Low-Rank Tensorization Improves KAN Sample Complexity

07 May 2026 (modified: 09 May 2026)ICML 2026 Workshop CoLoRAI SubmissionEveryoneRevisionsBibTeXCC BY 4.0
Keywords: Kolmogorov-Arnold Networks (KANs), Low-rank tensorization (CP), Sample complexity, PAC generalization bounds, Rademacher complexity
TL;DR: We prove that low-rank (CP) tensorizing KAN spline coefficients tightens PAC generalization bounds, improving sample efficiency and reducing grid overfitting under mild assumptions.

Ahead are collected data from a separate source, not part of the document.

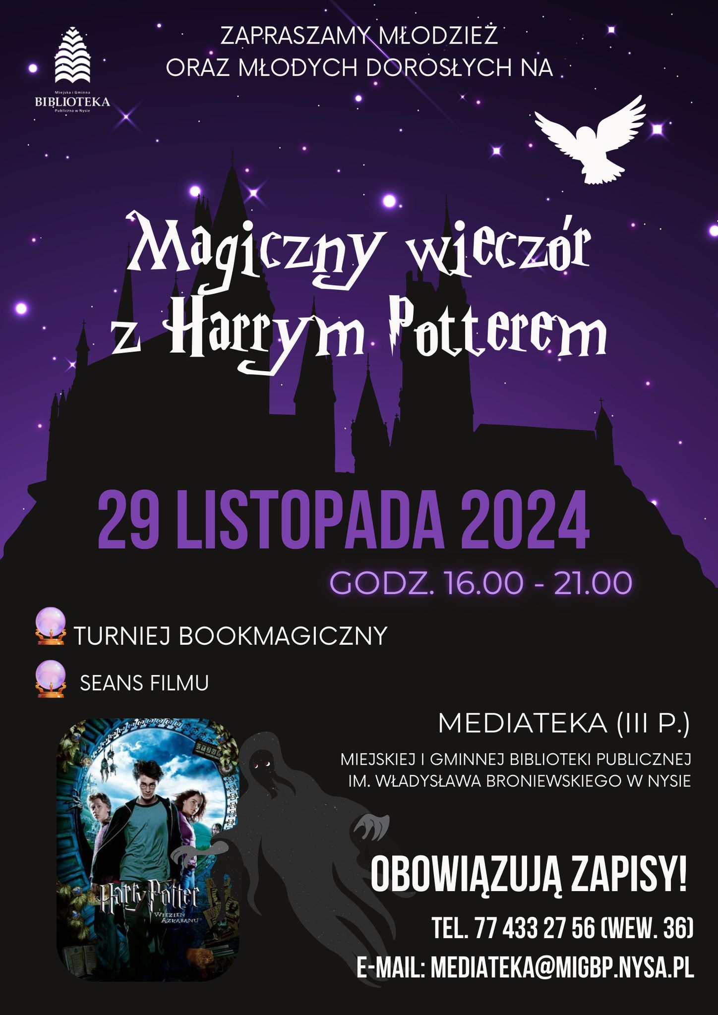 W Miejskiej i Gminnej Bibliotece Publicznej w Nysie ponownie zagości magia ze świata Harrego Pottera. Biblioteka zaprasza młodzież i młodych dorosłych na Magiczny wieczór z Harrym Potterem 29 listopada (piątek) o godz. 16.00 w Mediatece (III piętro).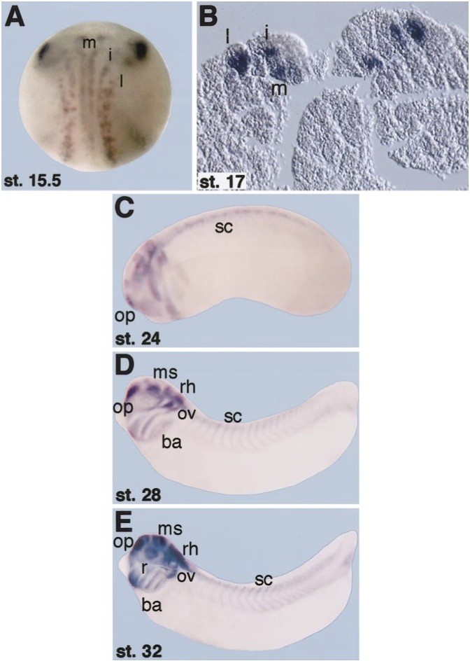 FIG. 2. Xebf3 is expressed in the developing Xenopus nervous system. Whole-mount in situ hybridization was performed on Xenopus embryos by using a digoxigenin-labeled Xebf3 probe. Shown are embryos at stages 15.5 (A), 17 (B), 24 (C), 28 (D), and 32 (E). Xebf3 was detected at early neural plate stage in the trigeminal placode (st. 13.5) and turned on in the three stripes of primary neurons at stage 15.5 (A: m, medial; i, intermediate; l, lateral). The embryo in (A) is oriented with anterior to the top. (B) Posterior transverse section of a stage 17 embryo, showing Xebf3 expression in the three stripes of primary neurons (m, i, l). At this stage, the neural plate is invaginating to form the neural tube. In tailbud stage embryos (C), Xebf3 was expressed in some branchial arches, olfactory placode, neural tube (mesencephalon, rhombencephalon, and spinal cord), retina, and otic vesicle. Embryos in (C) were cleared using a 2:1 mixture of benzyl benzoate/benzyl alcohol. Abbreviations: ba, branchial arches; ms, mesencephalon; op, olfactory placode; ov, otic vesicle; r, retina; rh, rhombencephalon; sc, spinal cord.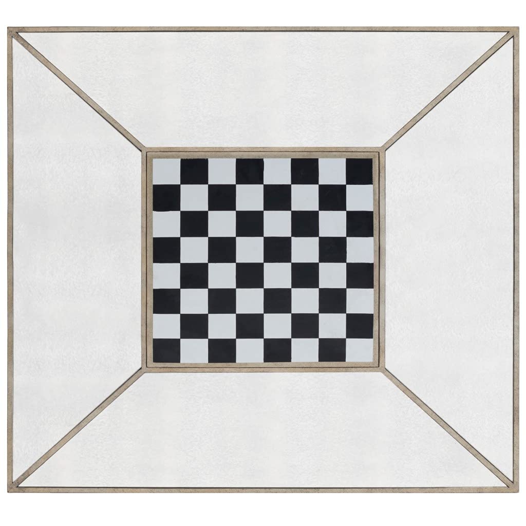 Our iconic game table has gotten a makeover and is sure to be a conversation starter. Created with Birch Wood solids and trimmed in an antique pewter finish, this stunning mirrored game table will certainly be the center of attention in the room. The center section of the table also serves as a platform for a game of checkers or chess when it's turned over.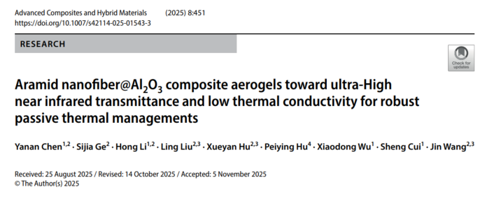 相关研究成果以“Aramid Nanofiber@Al2O3composite aerogels toward ultra-High near infrared transmittance and low thermal conductivity for robust passive thermal managements”为题发表于Advanced Composites and Hybrid Materials(IF=21.8)期刊上。
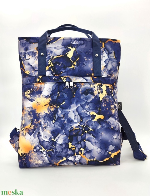 Ivett hátizsák és kézitáska, kék-arany márványminta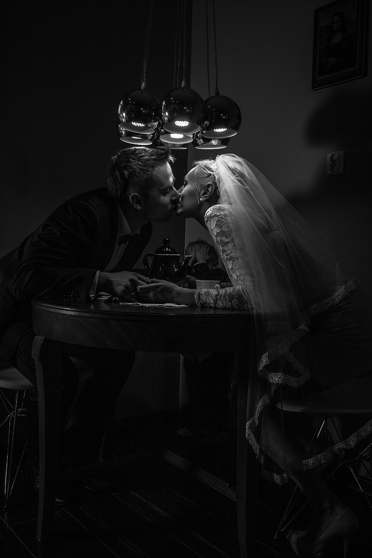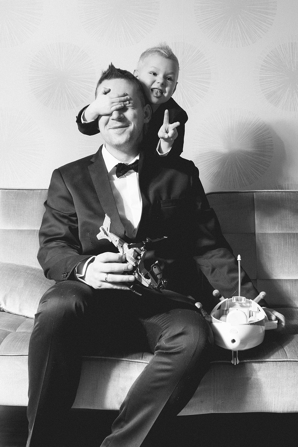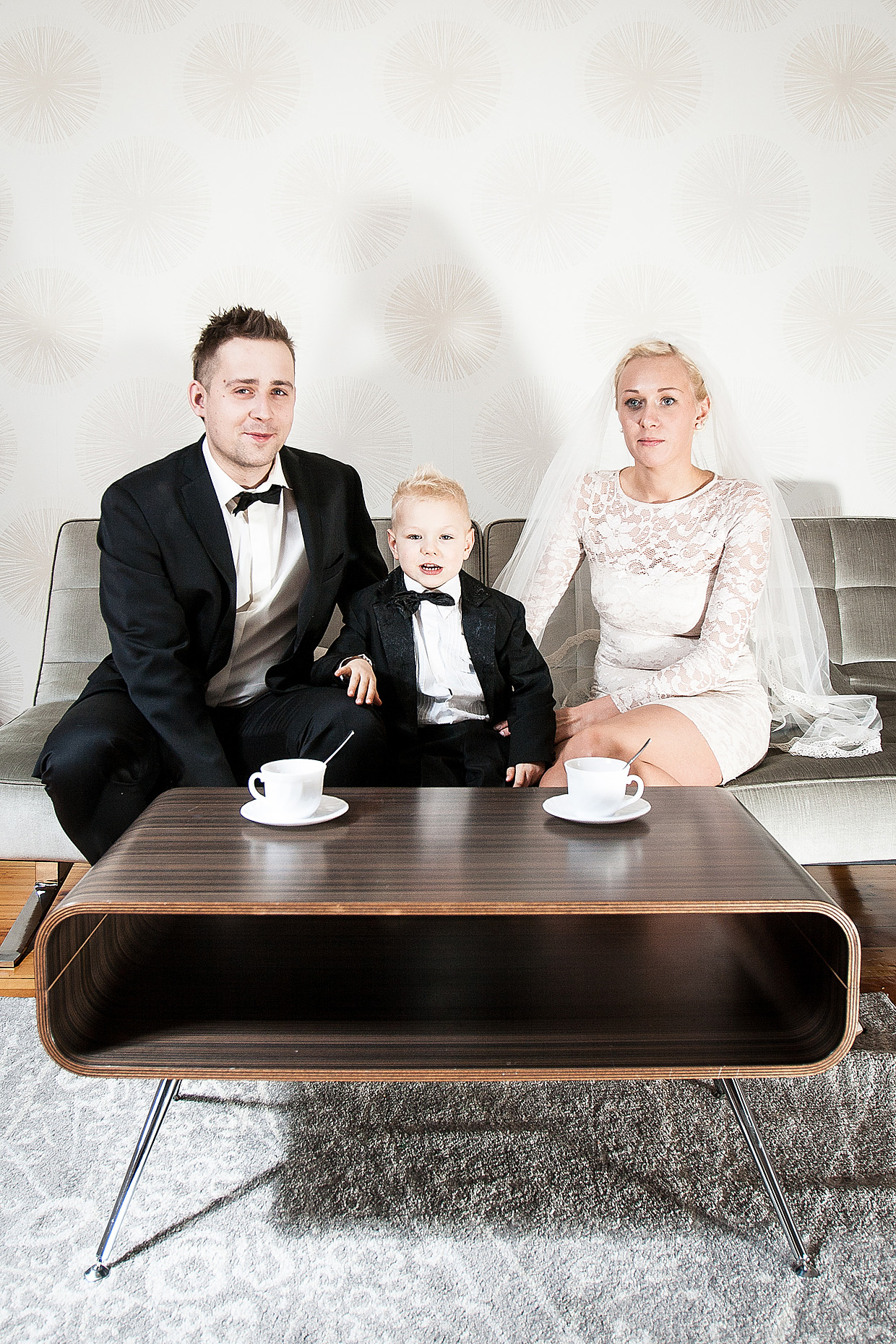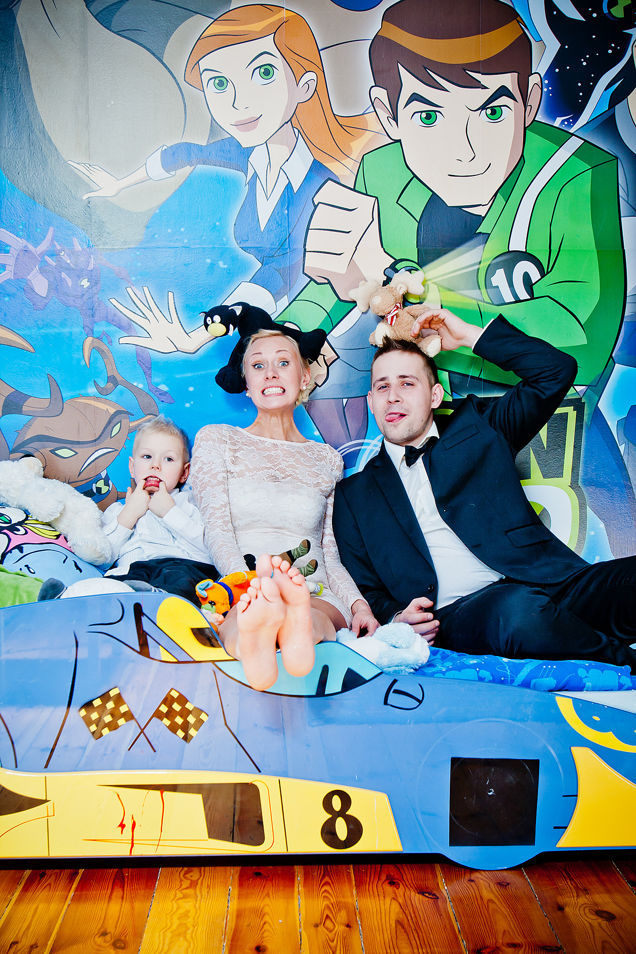 Drugi dzień zdjęć ślubnych rozpoczęliśmy w domu. Przytulne mieszkanko urządzone w stylu skandynawskim było w naszym guście i wykorzystaliśmy je w pełni do zdjęć, w których już uczestniczył synek Klaudii i Michała. Było poważnie, śmiesznie, romantycznie i wesoło. Mały rozbójnik nie pozwalał nam na chwilę odpoczynku i wytchnienia.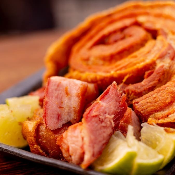 Torresmo crocante servido com molho de pimenta, perfeito para quem busca um petisco tradicional e picante.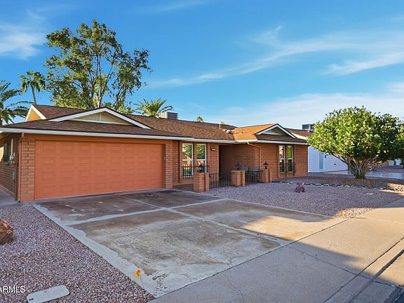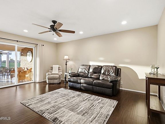 Located in Sunland Village, a golf community in East Mesa, this fully furnished 900 model sits on the 10th fairway with stunning golf course views. The home offers 3 bedrooms, 2 baths, a 2-car garage, and a separate golf cart room. Features include no popcorn ceilings, dual pane windows, water filtration and softener, HVAC approx. 7 years old, water heater approx. 5 years old, and roof approx. 8 years old. Enjoy beautiful sunsets from your covered patio overlooking the course. The community offers pickleball and tennis courts, pools, spas, a billiard room, clubs, and activities for all!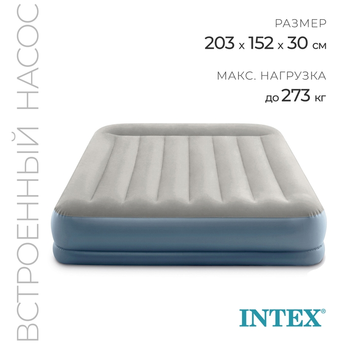 - Кровать оснащена встроенным насосом для быстрого надувания и сдувания, а также имеет клапан для подключения механического насоса.

Abstract: Kolmogorov-Arnold Networks (KANs) replace scalar edge weights by learnable B-spline functions and thereby enlarge the local approximation mechanism, but this flexibility creates a parameter bottleneck whose leading term scales linearly in the grid size $G$ for every input-output edge. Standard capacity estimates for unconstrained KAN layers consequently give sample-complexity terms proportional to $d_{\mathrm{in}}d_{\mathrm{out}}G$, making high-dimensional KANs statistically vulnerable unless the sample size grows with the full edge-grid tensor. This paper introduces Tensor-Decomposed Low-Rank KANs (LR-KANs), in which the three-way B-spline coefficient tensor $\mathcal{W}\in\mathbb{R}^{d_{\mathrm{in}}\times d_{\mathrm{out}}\times G}$ is constrained to have rank-$r$ CANDECOMP/PARAFAC form. Under explicit bounded-factor and spline-regularity assumptions, we prove PAC generalization bounds by controlling Lipschitz constants, covering the CP parameter manifold, and applying Dudley's entropy integral. The resulting dominant sample-complexity dimension decreases from $d_{\mathrm{in}}d_{\mathrm{out}}G$ to $r(d_{\mathrm{in}}+d_{\mathrm{out}}+G)$, giving a formal statistical explanation for tensorized KAN layers in regimes where grid refinement would otherwise overfit.